-- Information shown follows --

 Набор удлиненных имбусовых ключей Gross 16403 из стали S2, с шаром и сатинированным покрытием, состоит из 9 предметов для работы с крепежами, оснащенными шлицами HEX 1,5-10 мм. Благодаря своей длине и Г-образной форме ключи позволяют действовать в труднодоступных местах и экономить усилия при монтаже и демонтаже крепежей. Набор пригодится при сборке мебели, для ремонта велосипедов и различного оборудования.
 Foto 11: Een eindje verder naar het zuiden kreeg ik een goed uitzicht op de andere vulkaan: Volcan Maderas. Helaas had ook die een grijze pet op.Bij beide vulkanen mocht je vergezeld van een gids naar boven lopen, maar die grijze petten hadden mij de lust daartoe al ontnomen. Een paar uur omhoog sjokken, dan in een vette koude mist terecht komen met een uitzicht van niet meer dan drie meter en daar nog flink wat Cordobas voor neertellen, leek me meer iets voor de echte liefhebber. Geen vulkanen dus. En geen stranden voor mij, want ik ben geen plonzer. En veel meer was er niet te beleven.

-- Information shown concluded --
-- Information shown follows --

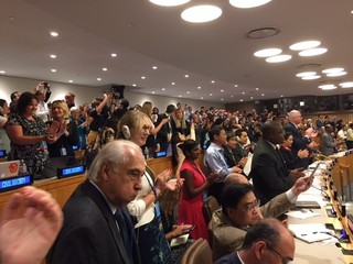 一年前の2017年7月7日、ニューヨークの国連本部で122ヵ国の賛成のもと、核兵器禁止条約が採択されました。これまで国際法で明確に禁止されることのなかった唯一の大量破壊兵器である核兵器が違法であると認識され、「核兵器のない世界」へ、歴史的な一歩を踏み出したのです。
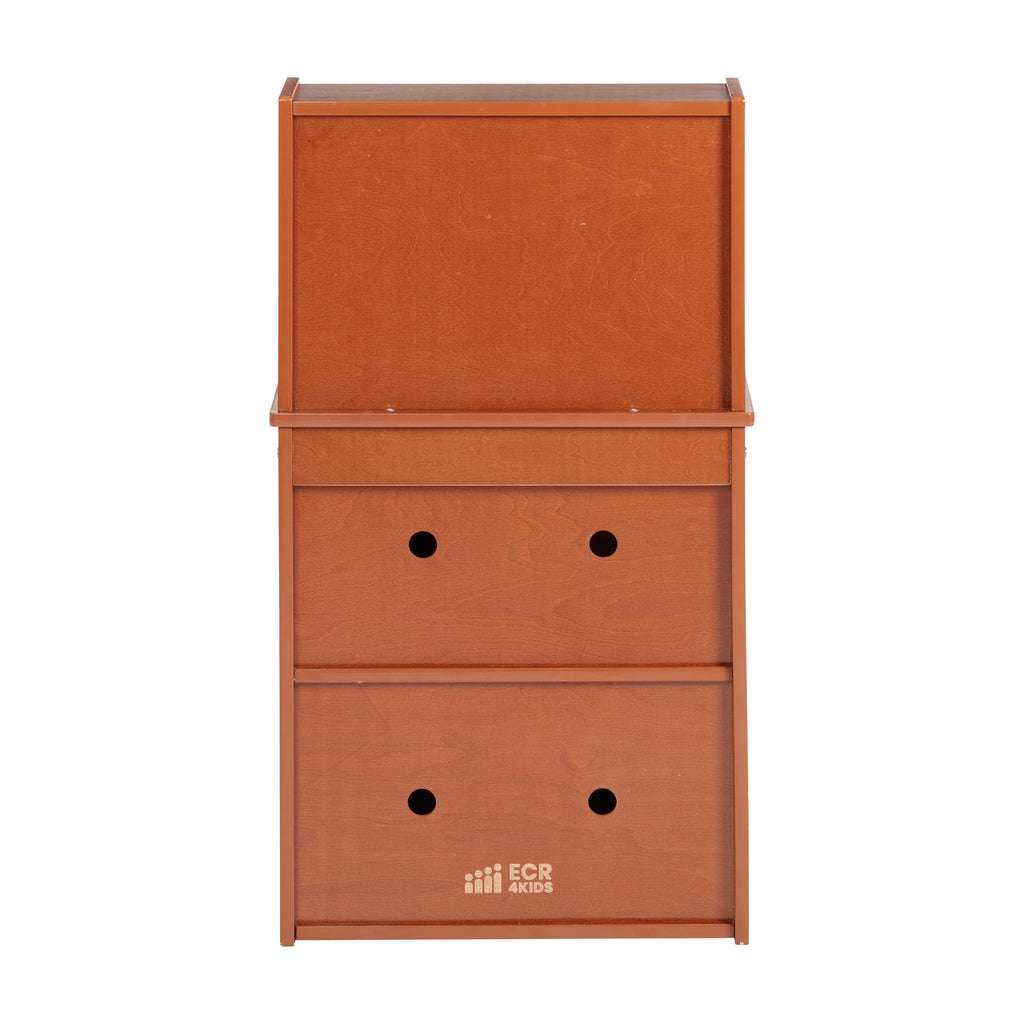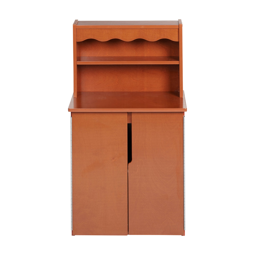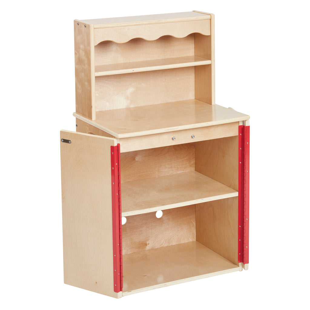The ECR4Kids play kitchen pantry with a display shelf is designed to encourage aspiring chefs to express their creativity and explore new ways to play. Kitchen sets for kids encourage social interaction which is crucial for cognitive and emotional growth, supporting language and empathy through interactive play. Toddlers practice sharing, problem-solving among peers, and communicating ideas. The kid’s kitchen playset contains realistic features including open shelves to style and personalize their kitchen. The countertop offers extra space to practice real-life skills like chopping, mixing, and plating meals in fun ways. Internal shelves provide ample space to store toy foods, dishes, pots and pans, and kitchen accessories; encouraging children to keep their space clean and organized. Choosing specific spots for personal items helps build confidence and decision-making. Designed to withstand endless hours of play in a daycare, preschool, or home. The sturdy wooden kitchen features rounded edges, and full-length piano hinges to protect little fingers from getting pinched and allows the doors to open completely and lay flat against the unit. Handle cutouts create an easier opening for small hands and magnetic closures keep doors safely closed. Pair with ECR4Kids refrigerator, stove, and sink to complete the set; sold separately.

-- Information shown concluded --

* Exercise goal *
Each line above from the one containing "一年前の2017年7月7日、" through the one containing "The ECR4Kids play" is to be returned verbatim. Nothing else, and no pictures.

* Your response *
 一年前の2017年7月7日、ニューヨークの国連本部で122ヵ国の賛成のもと、核兵器禁止条約が採択されました。これまで国際法で明確に禁止されることのなかった唯一の大量破壊兵器である核兵器が違法であると認識され、「核兵器のない世界」へ、歴史的な一歩を踏み出したのです。
The ECR4Kids play kitchen pantry with a display shelf is designed to encourage aspiring chefs to express their creativity and explore new ways to play. Kitchen sets for kids encourage social interaction which is crucial for cognitive and emotional growth, supporting language and empathy through interactive play. Toddlers practice sharing, problem-solving among peers, and communicating ideas. The kid’s kitchen playset contains realistic features including open shelves to style and personalize their kitchen. The countertop offers extra space to practice real-life skills like chopping, mixing, and plating meals in fun ways. Internal shelves provide ample space to store toy foods, dishes, pots and pans, and kitchen accessories; encouraging children to keep their space clean and organized. Choosing specific spots for personal items helps build confidence and decision-making. Designed to withstand endless hours of play in a daycare, preschool, or home. The sturdy wooden kitchen features rounded edges, and full-length piano hinges to protect little fingers from getting pinched and allows the doors to open completely and lay flat against the unit. Handle cutouts create an easier opening for small hands and magnetic closures keep doors safely closed. Pair with ECR4Kids refrigerator, stove, and sink to complete the set; sold separately.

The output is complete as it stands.